An insurgent group tied to al-Qaida in Iraq is claiming responsibility for the abduction of two U.S. soldiers during an attack south of Baghdad Friday, Reuters is reporting.
A U.S. military spokesman tells the New York Times that 8,000 U.S. and Iraqi troops are involved in the search for the missing soldiers; that three insurgents have been killed and seven U.S. soldiers have been injured in the search; that 12 villages have been sealed and searched; and that eight airstrikes have been made in the process.
But White House spokesman Tony Snow suggested Sunday that the media is paying too much attention to the story of the missing soldiers. "The thing is the way the war is being covered -- and we've seen it right now, we have two U.S. servicemen, and God bless them, we hope theyre OK," Snow said in an appearance on Fox News. "We're focusing on them, and we forget that since Zarqawi was killed, hundreds of bad guys have been rounded up, there has been a lot of intelligence.

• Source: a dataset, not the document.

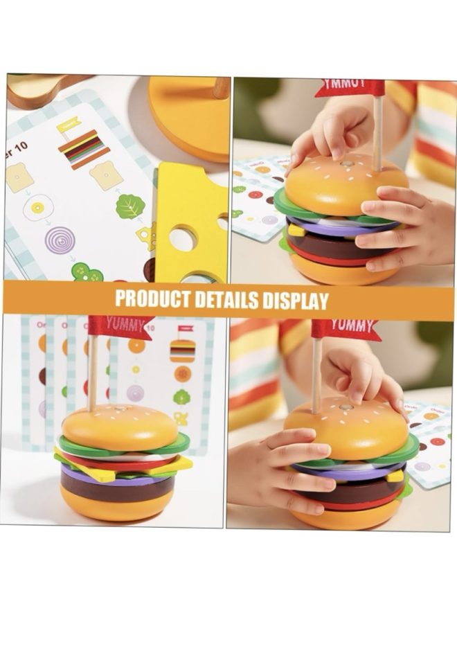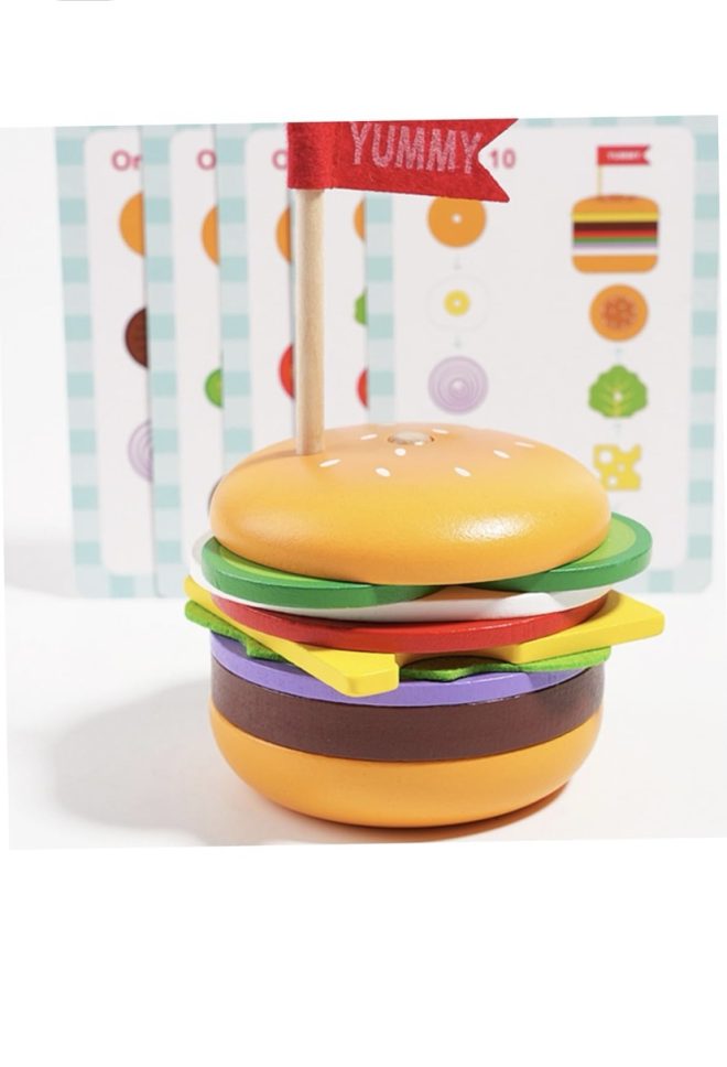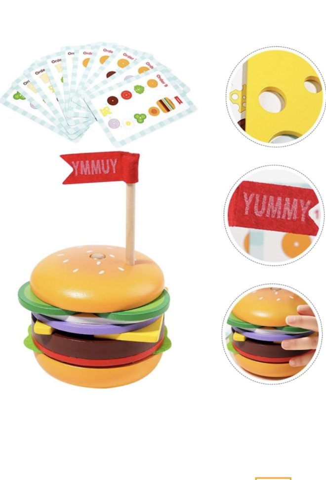 Setul de hamburger din lemn va fi o jucarie tare indragita de copilul tau. Setul contine ingrediente din lemn pentru prepararea unui hamburger. Daca micutul tau esta pasionat de arta culinara, si se invarte in jurul tau cand pregatesti mancarea, acesta e cadoul perfect.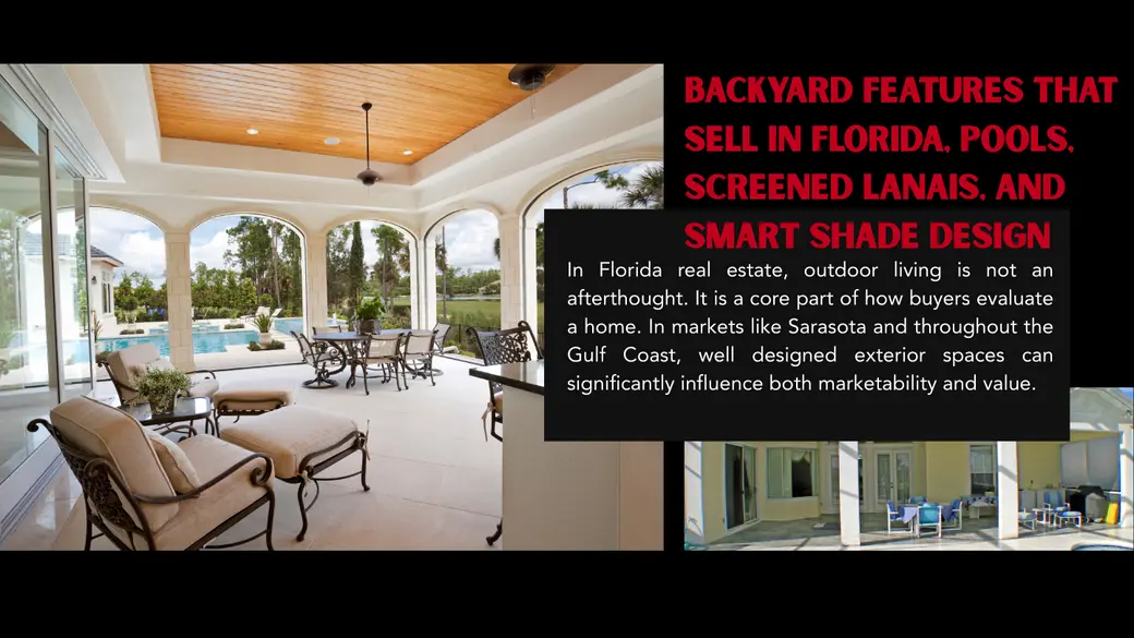 In Florida real estate, outdoor living is not an afterthought. It is a core part of how buyers evaluate a home. In markets like Sarasota and throughout the Gulf Coast, well designed exterior spaces can significantly influence both marketability and value.

The Iraqis have gone ahead [and] mobilized 50,000 men going in the five Baghdad neighborhoods. There is a lot going on there."
Snow has every reason to be concerned. As we've argued before, whatever's left of the American public's appetite for Iraq is likely to vanish pretty quickly if the media ever gives the war the kind of "human drama" coverage it lavished on, say, the Sago mining disaster. Snow got away with calling the 2,500th U.S. fatality in Iraq "a number" last week; he can't be so dismissive as Americans wait to learn the fate of Pfc. Kristian Menchaca and Pfc. Thomas L. Tucker.